Morris: From which non-business book have you learned the most valuable lessons about business? Please explain.
Karlgaard: I am now immensely enjoying Scott Eyman’s biography of John Wayne. This book is not primarily about the movie business, but Eyman in great detail shows how Wayne managed his career and brand and how he worked with different directors and studios. Wayne’s collaboration, in particular, with director John Ford is deeply illuminating.
Morris: Here are several of my favorite quotations to which I ask you to respond. From Howard Aiken: “Don’t worry about people stealing your ideas. If your ideas are any good, you’ll have to ram them down people’s throats.”
Karlgaard: True in science and philosophy. But note that Apple did not have to ram the iPhone down people’s throats.
Morris: From Richard Dawkins: “Yesterday’s dangerous idea is today’s orthodoxy and tomorrow’s cliché.”
Karlgaard: Only true when evolution is at work. Certainly business innovation follows this course. But the Dawkins dictum fails to explain, say, deeper human nature, which is timeless.
Morris: From Isaac Asimov: “The most exciting phrase to hear in science, the one that heralds the most discoveries, is not “Eureka!” (I found it!) but ‘That’s odd….’”
Karlgaard: I love this quote! The analogy in business would be, “Odd that our product generates more buzz when we advertise less.” Or, “Odd that Mary, who is such an introvert, is our best salesperson.”
Morris: Finally, from Peter Drucker: “There is surely nothing quite so useless as doing with great efficiency what should not be done at all.”
Karlgaard: I was lucky to interview Drucker on two occasions at his home in Claremont, Calif. He told me the most difficult thing for any CEO was to figure out what not to do.
Morris: In one of Tom Davenport’s recent books, Judgment Calls, he and co-author Brooke Manville offer “an antidote for the Great Man theory of decision making and organizational performance”: organizational judgment.
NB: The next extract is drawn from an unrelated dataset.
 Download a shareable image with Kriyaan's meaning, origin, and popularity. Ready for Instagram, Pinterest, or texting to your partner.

That is, “the collective capacity to make good calls and wise moves when the need for them exceeds the scope of any single leader’s direct control.” What do you think?
Karlgaard: I know Tom Davenport and consider him brilliant. But I wouldn’t be so quick to toss out the Great Man. Apple lost something vital with the death of Steve Jobs. Amazon needs Jeff Bezos. Tesla needs Elon Musk. Professor Davenport’s idea of a Great Man sounds more like Downton Abbey’s Lord Crawley – a caricature of a pompous know-it-all – than it does of actual great leaders you see in business today. Today’s great leaders are data driven, yes, but they are far, far more than that. You can’t inspire people with data.
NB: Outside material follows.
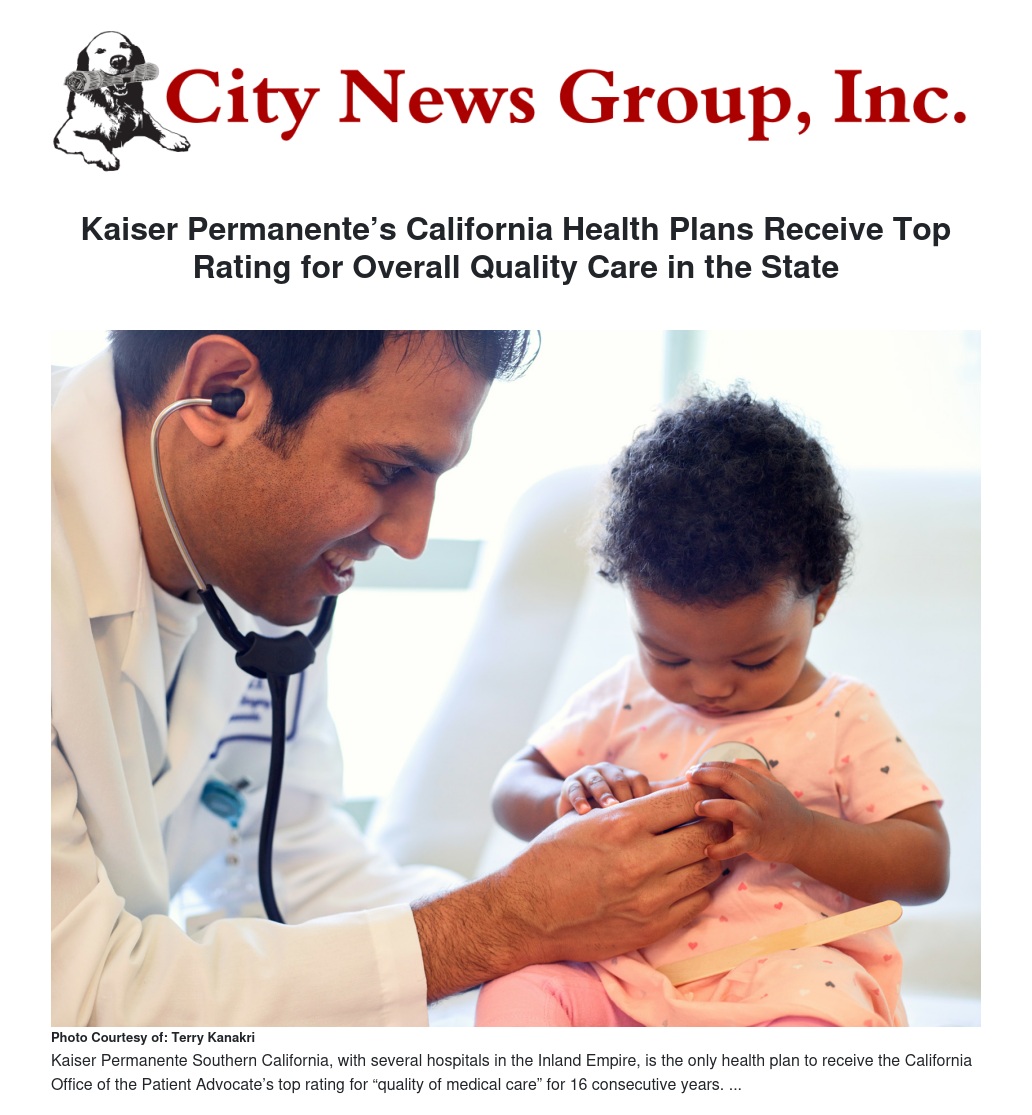 Kaiser Permanente’s California Health Plans Receive Top Rating for Overall Quality Care in the State by Terry Kanakri - City News Group, Inc.

Morris: In your opinion, why do so many C-level executives seem to have such a difficult time delegating work to others?
Karlgaard: To my eye, it is below C-level where you see this at work. C-level executives rise to that level because, generally, they are good at delegation. Too many mid-level managers get stuck or burn out because they are not. They don’t know how. Or they are afraid to.
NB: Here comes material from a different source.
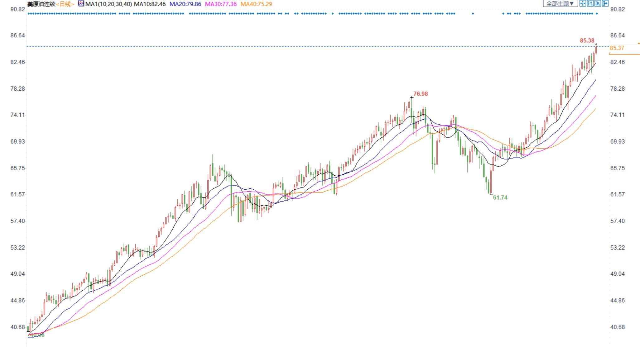 美油上破85美元延续强劲升势,供需失衡持续支撑油价

Morris: The greatest leaders throughout history (with rare exception) were great storytellers. What do you make of that?
Karlgaard: The job of a great leader is to put conviction in people’s hearts. Stories do that because they give us meaning and purpose. Which, in turn, leads to conviction.
Morris: In recent years, there has been criticism, sometimes severe criticism of M.B.A. programs, even those offered by the most prestigious business schools. In your opinion, in which area is there the greatest need for immediate improvement? Any suggestions?
Karlgaard: The value of a Harvard MBA is that, (1) it proves you were smart enough, driven enough, to get into Harvard Business School, and (2) you now have great contacts. The actual education is the least of it. Simulation technology will radically transform teaching and learning in business. I’m convinced that all but the very top business schools will decline. The investment in time and money won’t be worth it. What employer is going to pay a premium salary for an MBA that isn’t from a top school? But there will always be Harvard, Stanford and Wharton.
Morris: Looking ahead (let’s say) 3-5 years, what do you think will be the greatest challenge that CEOs will face? Any Advice?
Karlgaard: I honestly can’t figure out why any company would want to be public. The scrutiny is only going to get worse. The happiest CEOs I know run private companies. Jim Goodnight of SAS Institute is a happy man. I recently spent a day with Michael Dell in Austin. He is ten times happier now than when Dell was public.
* * *
To read the complete interview, please click here.
Rich cordially invites you to check out the resources at his website.
Also here’s his Forbes link.
Note: This was among the first books I reviewed for Amazon (in 2000) and I recently re-read it while doing some research on several of the 20 companies it features. Don’t let the publication date deter you. These stories are even more entertaining and informative now than they were then because these are perspectives on them 25 years before many of them and their leaders became almost deities in the vineyards of free enterprise.
Each chapter offers a profile of a major contributor to the evolution of American business history, beginning with one of my ancestors, Robert Morris (America’s “first real businessman”), and concluding with Bill Gates (“Microsoft’s co-founder and guiding spirit”). In between, Gross and his associates also examine other great leaders such as McCormick, Rockefeller, Morgan, Ford, Merrill, Sarnoff, Disney, Johnson, Ogilvy, Kroc, Wilson, Ash, Walton, and McGowan as well as major corporations such as American Express, Intel, Harley-Davidson, and Kohlberg Kravis Roberts & Co. The reader is told, “This book is about heroes” and it really is.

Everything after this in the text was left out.